Wednesday, June 8, 2005

Playing politics with weather

U.S. Sen. Rick Santorum doesn't go along with Mark Twain's admonition that "Everybody talks about the weather, but nobody does anything about it."

Santorum not only is doing something about weather, he's making it pay—for him.

Santorum, the two-term Pennsylvania Republican who's an early favorite of the far, far, really far Christian Right in the 2008 presidential lineup, has written a law restricting the type and amount of information the taxpayer-supported National Weather Service can provide free to the public.

What, you gasp in disbelief, restrict free weather information—information generations have relied on for planting crops, planning vacations, starting their day, deciding whether to carry an umbrella?

It's perfectly logical to Sen. Santorum, who parades as a high-minded and ethical politician: He wants to protect the business income of 14 private, commercial weather information services based in Pennsylvania, such as AccuWeather. Not coincidentally, AccuWeather employees have donated $5,500 to Santorum's political campaigns since 1999, according to the Federal Elections Commission.

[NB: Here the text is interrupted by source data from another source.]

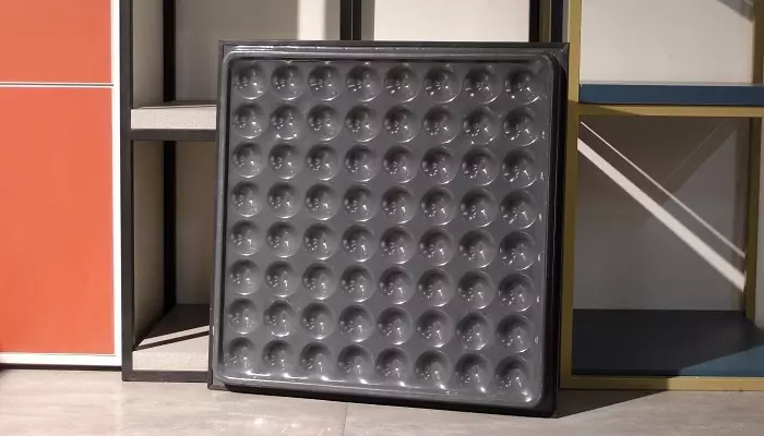 تایل فولادی معمولاً با روش پرس و قالبگیری تولید میشود و بسته به نوع پروژه، ساختار داخلی آن بهصورت توپر یا توخالی طراحی میگردد. ابعاد استاندارد پنلها ۶۰ در ۶۰ سانتیمتر است و ضخامت آنها بین ۳۲ تا ۳۵ میلیمتر قرار میگیرد. ورق مورد استفاده معمولاً فولاد ST12 یا گالوانیزه است و پایهها امکان تنظیم ارتفاع از ۱۰ تا ۱۰۰ سانتیمتر دارند. تحمل بار نیز بسته به مدل بین ۱۰۰۰ تا ۳۰۰۰ کیلوگرم محاسبه میشود. روی این تایلها میتوان انواع روکشها مانند HPL، PVC، موکت، لمینت یا سرامیک نصب کرد.
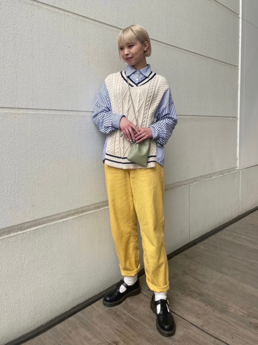春っぽいイエローが映える⭐️ベスト×シャツで大人カジュアルコーデ instagram→@asknowasplus
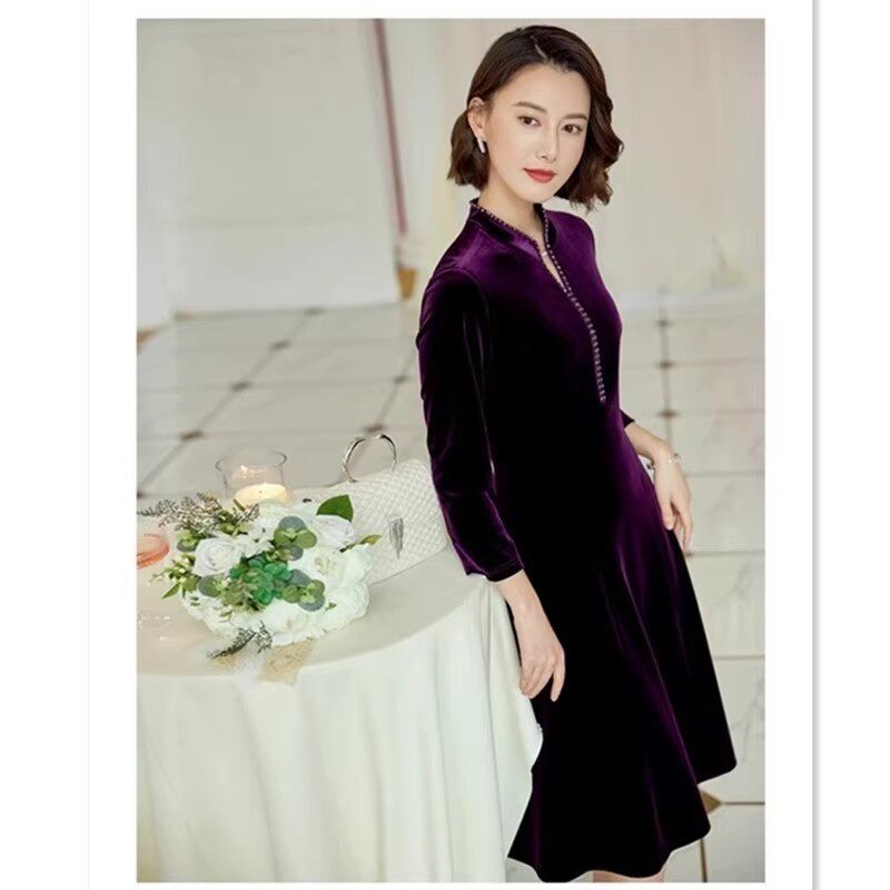📚 秋冬季商场同款时尚简约改良旗袍款气质高贵丝绒时尚中长连衣裙子
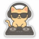 Cat DJ with headphones spinning tracks, perfect for party vibes.
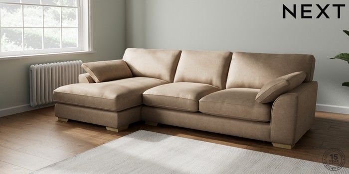 7.3.1 Buy Stamford Grand Relaxed Sit Large Sofa Chaise - Left Hand Luxe Chenille Mid Camel Beige Large Square Angle - Light from the Seasons online shop Click here to use our website with more accessibility support, for example screen readers

Santorum's legislation specifies the weather service can provide only data not provided by commercial services.

If passed, the law would effectively force newspaper, radio, television and Internet services to buy commercial information for newscasts, rather than find it in the government database.

If Santorum can successfully restrict government weather data, imagine what the future holds, for example, when taxpayers call the Internal Revenue Service for help with preparing their tax returns.

"Sorry," a recorded IRS voice might say, "we are not allowed to provide help. Please call your local tax accountant for fee-based assistance."